If we think about the conversations we’re having with clients today, there is always someone saying they are doing a DevOps transformation; someone else is doing a cloud transformation; and yet another group is talking about microservices. If you’re new to all of this and listening in, you might very well conclude that there are three separate transformations going on here—and that’s “true”—for those clients that are spinning their wheels. If success is your navigational heading, you need transformation across three key areas (architecture, infrastructure, and delivery) under a single culture and mantra that permeates throughout the entire organization. If you build a new microservice, you’re going to need some place to host and run that service (unless you’re doing function as a service, which we talk about in Chapter 4). Your microservice’s runtime must be resilient and dynamically scalable (you may need a lot of these small things, or hardly any at all)—this is all screaming for cloud the capability (which is a big change from SOA). Map these characteristics back to the monolithic architecture. How did you scale distributed or nondistributed monolithic apps on your server? You’d get a new server (scaled up) or rebuild your app to scale out.

The theme in modern application development is speed. Speed of scale, speed of delivery, and so on. The very nature of speed is the DevSecOps delivery nuance—bringing together the speed developers love (they think project to project), and the resiliency and assuredness that operations seek (they think about things like service level agreements, upgrades, patching, and security). By and large, the transitions outlined in Figure 3-1 are getting away from a yearly delivery project plan and moving you toward continuous delivery instead.

First “Pass” on PaaS

To truly appreciate the rise of containers (which we talk about in the next section), we wanted to ensure you had at least a brief understanding of first-generation platform as a service (PaaS) capabilities. So let’s get started with the world’s first foray into PaaS.

In the pursuit of speed—faster development, more agile delivery, and unimpeded elasticity—is it possible to go too far? Absolutely. That’s exactly what happened during the tumultuous state of the cloud near the start of the last decade. Cloud service providers (CSPs) were shaping the cloud landscape, going beyond IaaS and iterating on the first generation of PaaS capabilities.

As businesses finally began to take advantage of the elasticity of cloud and IaaS to run their SOA-based applications on VMs, the industry began to reinvent itself yet again. This is par for the course in the world of IT—after all, change is the only thing that remains constant in this world. You either evolve or fall behind.

As your attention moves down each modernized app characteristic in Figure 3-1, you’re likely to notice a pattern—the movement from physical services, to VMs, to the cloud also results in a change of responsibilities more and more away from your control. Clients eager to move from traditional IT and on-premises datacenters began to embrace IaaS. They rejoiced in the seemingly unlimited elasticity of the cloud, while adopting a flexible mode of consumption allowing them to pay for only what they use. Clients with existing applications were willing to relinquish complete control and autonomy of their infrastructure for these advantages. In addition, this paved the way for those new arrivers to run production-grade applications with a significantly reduced barrier of entry.

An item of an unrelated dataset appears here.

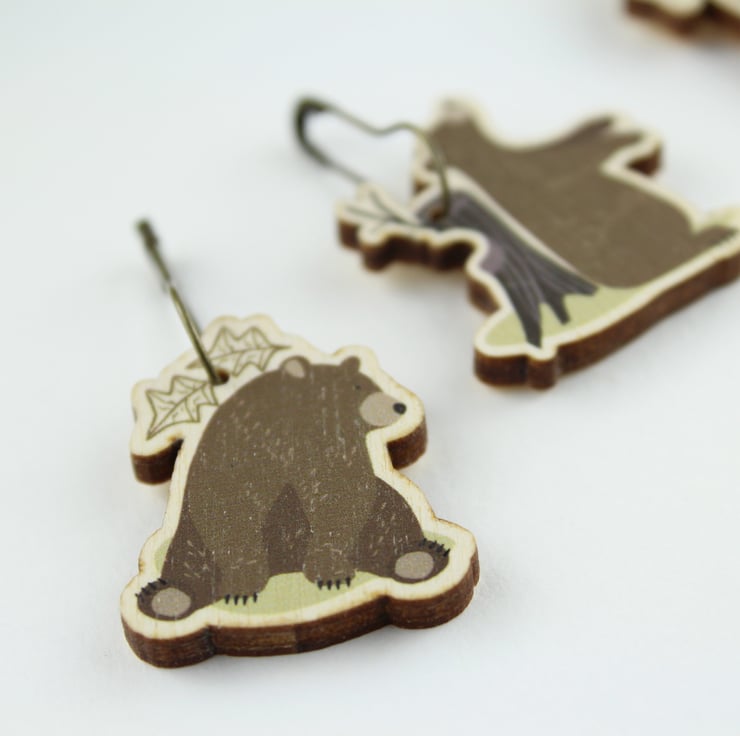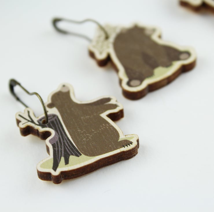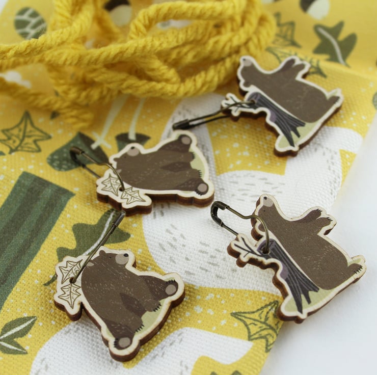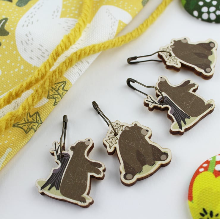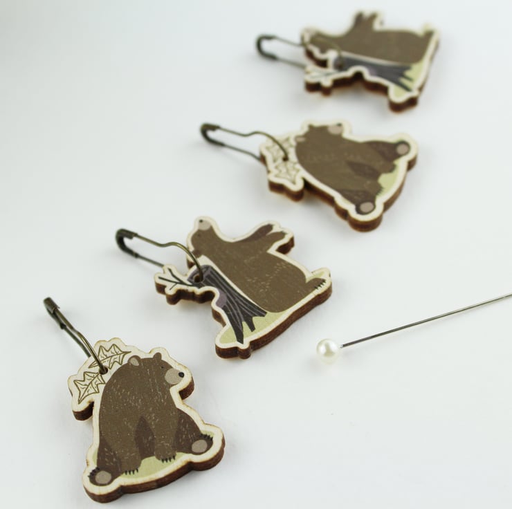 Pack of 4 wood crafted stitch markers (progress keepers), two bears sitting and two bears scratching on a tree, in a keepsake tin.

Naturally, CSPs continued to apply this same philosophy as consumers continued to embrace the cloud (the destination). CSPs began to offer the first generation of PaaS capabilities like Heroku, IBM Bluemix (now IBM Cloud Foundry Public), Google App Engine, and AWS Elastic Beanstalk. We (the customers) were all told to focus on what really matters—writing code—and let their cloud handle the rest. This meant moving further up the traditional IT stack and handing off control of our runtimes, middleware, and operating systems.

At first, these capabilities appeared to work like magic. You could simply write your application code in any of the many supported languages (like Node.js, Java, Swift, Python, Golang, or basically any language you could think of), then simply upload your code to the PaaS and have a running application on the web in a matter of minutes.

However, this technology came at a cost—the first generation of these PaaS solutions presented an opinionated (specific decisions and requirements made on the platform that will host your app) approach to IT. At least with IaaS, businesses were able to utilize VMs and ensure that their applications continued to run with little change required to the actual code. This was not the case with first generation PaaS. As much as companies may have wanted to, they couldn’t simply “lift-and-shift” their apps to these new PaaS capabilities like they had done with IaaS. In retrospect, there were three major factors preventing widespread adoption of these initial PaaS capabilities:

  1. It required significant refactoring (developer talk for having to rewrite portions of an app to accommodate service and configuration parameters) of existing applications to adopt. Moving from monoliths to SOA was arguably a cakewalk when compared to the eventual transition to microservices. In 2011, Adam Wiggins (cofounder of Heroku) published the Twelve-Factor App (12factor.net). This document outlined a methodology to build modern, scalable, maintainable applications on a PaaS platform—essentially, microservices. To this day, these twelve factors continue to embody the best practices for building modern applications. However, for most companies in 2011, the Twelve-Factor App may as well have been written in an alien language—it was well ahead of its time.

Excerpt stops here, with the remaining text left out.